Best resources for fine tuning
Hello - I love your model and was interested in carrying out some fine tuning (for a particular voice which I like that I would like to use for poetry reading).
I found this resource https://github.com/SWivid/F5-TTS/tree/main/src/f5_tts/train and I just wanted to check that this was the best resource out there for this purpose? The reason I was asking was that I was a bit of a beginner in this field so didn't want to miss out on any other useful blog posts or similar that might make things easier - otherwise I will start working through this.
Thanks so much for this - it looks like a great project and I was so impressed with the results when I tried the one shot example (for reading the first few lines of The Wasteland - quite challenging I guess).
Hi,
Thanks for your interest in the model! Yes, the official GitHub repo is probably the best place for fine tuning instructions. You can also check out this Discussion:
https://github.com/SWivid/F5-TTS/discussions/57
Feel free to reach out if you have any questions!
Great - thanks for coming back and I'll give it a go. I'm new to this so it may take a while but I have plenty of time on my hands and I'll let you know I manage to produce anything worthwhile..!
Hi. I'm kind of new in using these tools. I don't know if this is the correct place to talk about this, so I apologize in advance.
When I use the command you have provided under "Usage" It kind of just loads some base settings and generates a sentence (somewhere) so I couldn't achieve anything with that, but instead I just used the "Custom" option in Gradio to direct it to your model and vocab and It kind of works (I think), but the quality of the voice is significantly worse than the original model.
Am I doing something wrong or is it because your model is still unfinished? Or maybe I'm supposed to do some type of fine tuning, etc to bring it to the level of the other one?
@voidshaper13 yes, finetuning will likely improve the quality of the model on your specific voice. Feel free to check out the F5-TTS repo for finetuning instructions!
Hi @mrfakename ,
First of all, thank you for your hard work and for making this model commercially usable as well!

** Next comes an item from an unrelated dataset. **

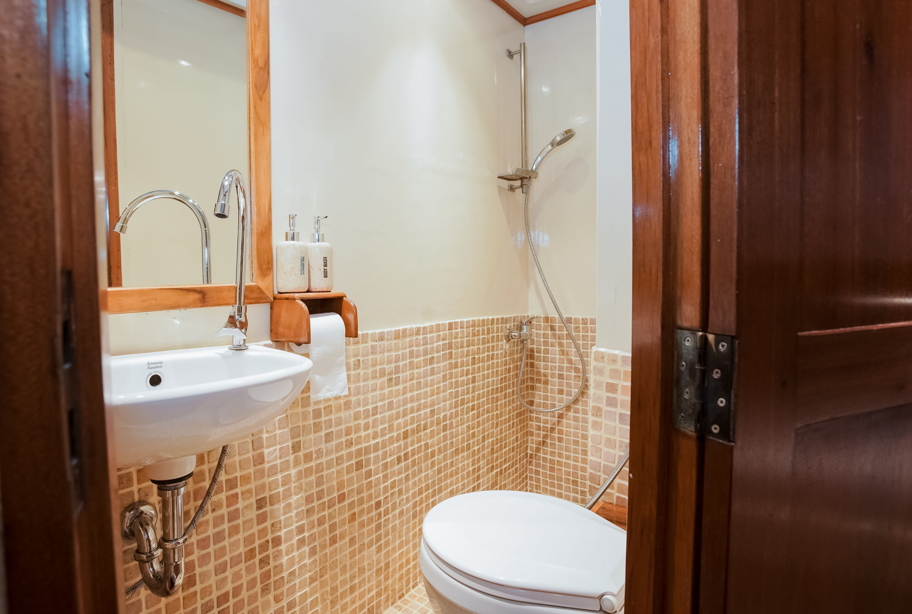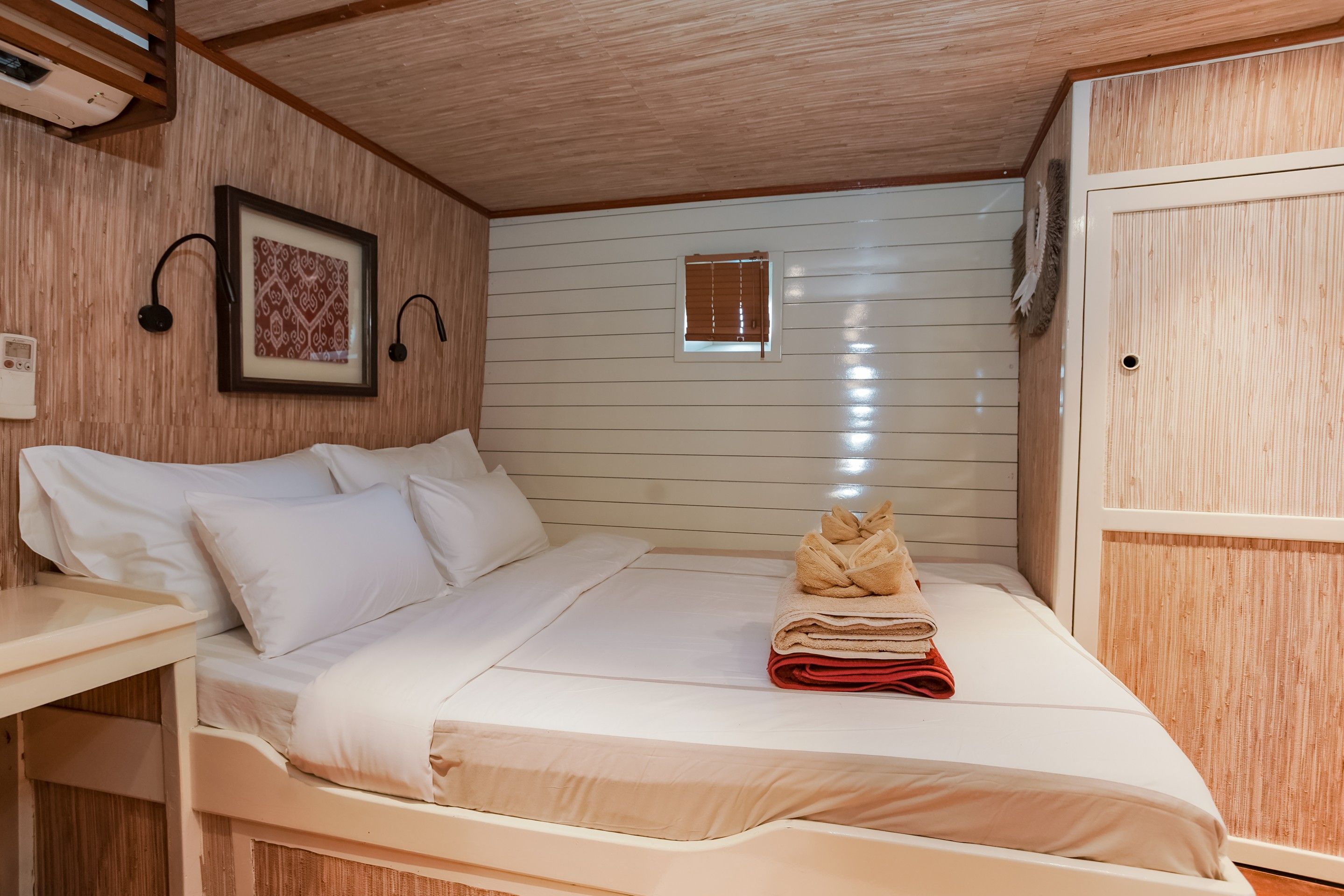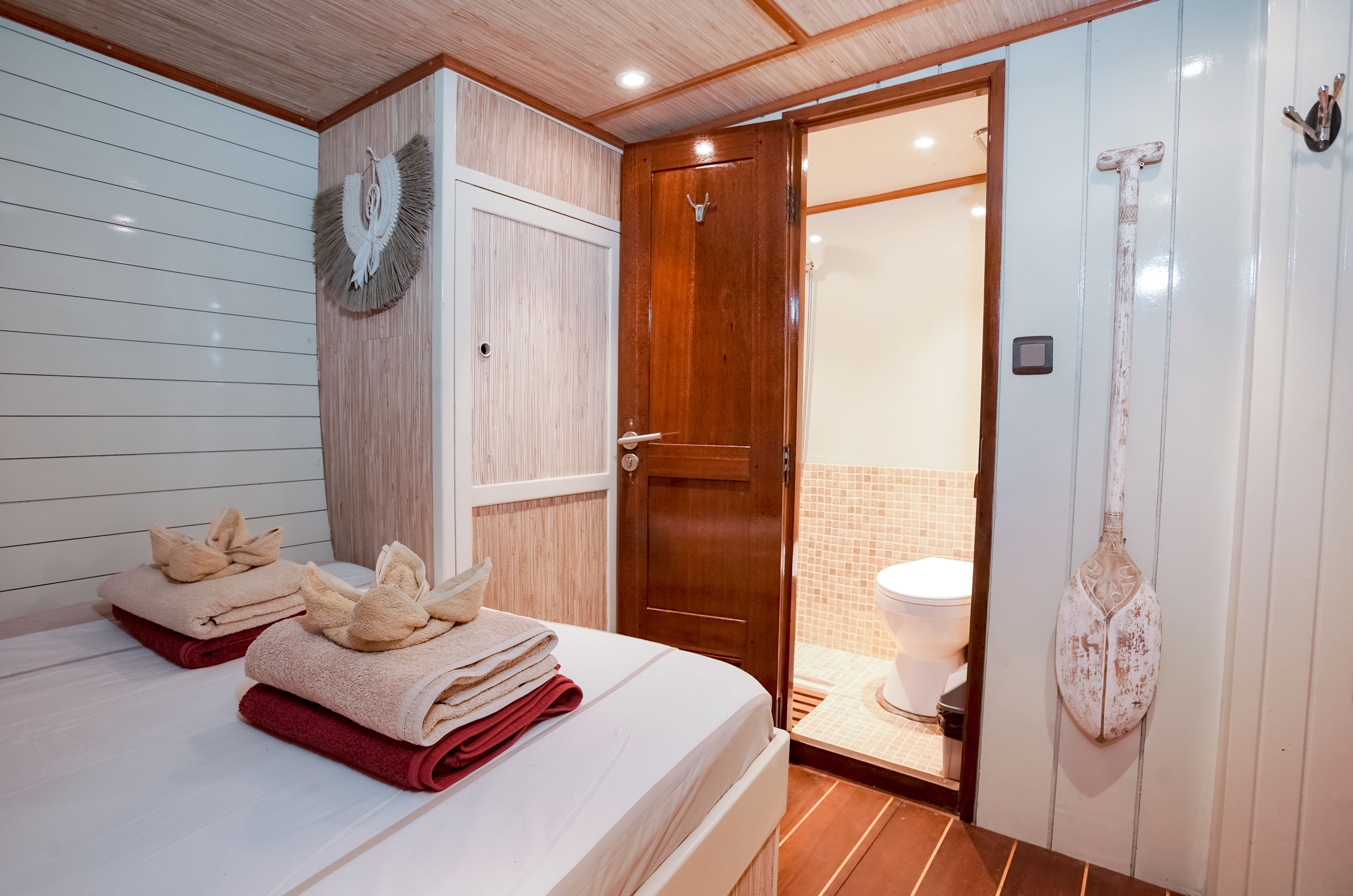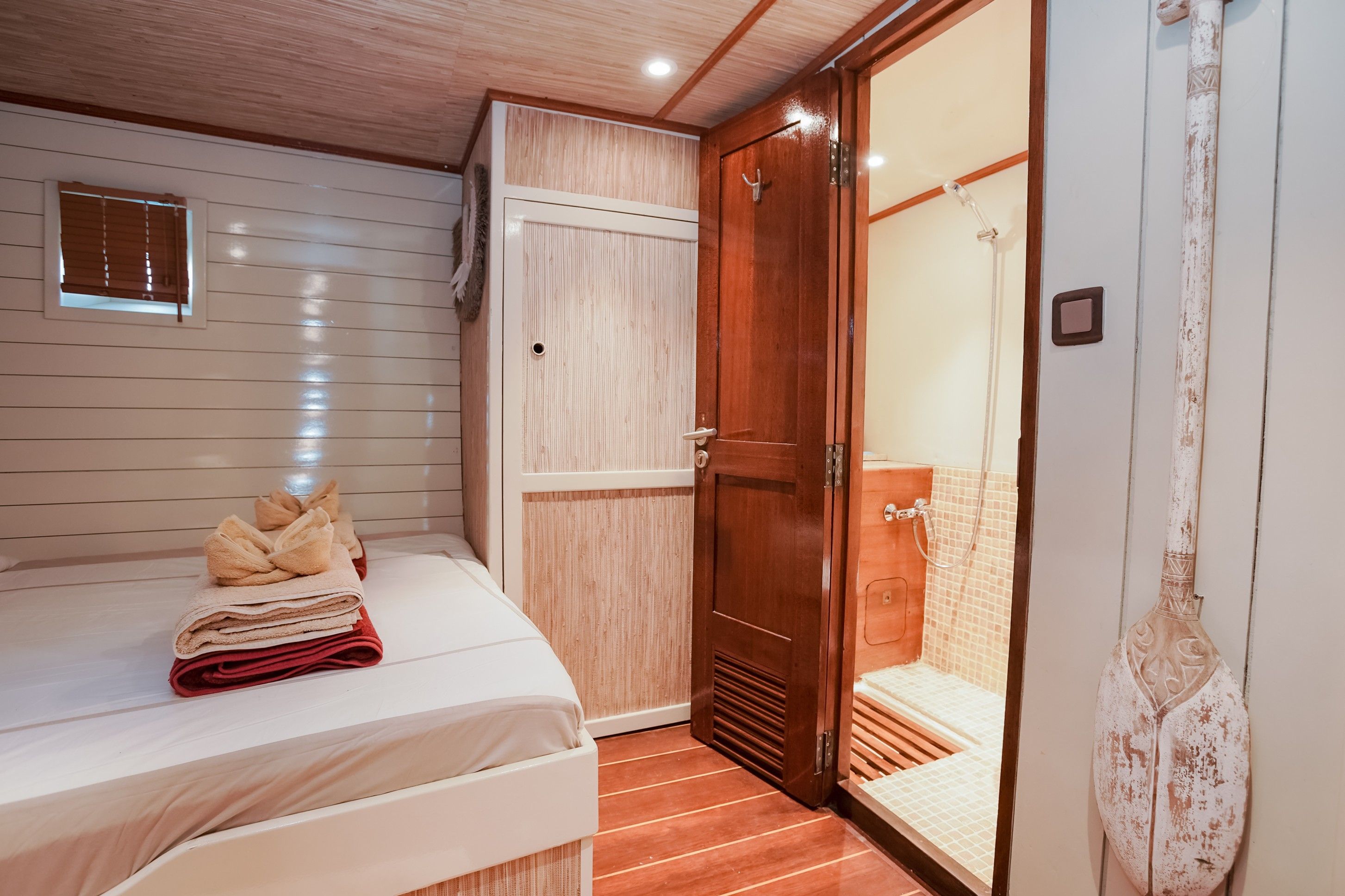 在水面上,Emperor Raja Laut潜水船是一艘传统的印尼phinisi,采用热带硬木建造,在印尼水域航行时散发出皇家气息。船上仅设有6间带独立浴室的客舱,可容纳12名宾客。有3间双床房和3间双人房,每间均配有迷你保险箱、储物空间、独立浴室和可独立控制的空调。社交区域包括全面空调的休息室,内有49英寸电视、图书馆、游戏、电影和迷你吧,全部位于与客舱同一层甲板。日光甲板位于上层甲板,配有日光和阴凉躺椅,还有一个餐桌,餐桌位于凉棚下,可提供露天用餐,同时欣赏迷人的印尼风光。

I have a few questions regarding the model. I’m currently fine-tuning it on another language. It works well, but the results are not quite as good as F5-TTS. I wanted to clarify a few points:
- This is a PyTorch model, but the original F5-TTS is a safetensors model and much smaller (pruned version). How can I prune it? The original F5-TTS training code expects a pruned model, and if I pass the PyTorch model directly, I get errors. Should I copy over the
ema_model_state_dict
or themodel_state_dict
? - Which F5-TTS variant is this model based on? There are several (
F5TTS_Base, F5TTS_Base_bigvgan, F5TTS_v1_Base
). I suspect it’sF5TTS_v1_Base
. Is that correct? - The vocabulary in your model is much larger than in the original F5-TTS. Is there a reason for this?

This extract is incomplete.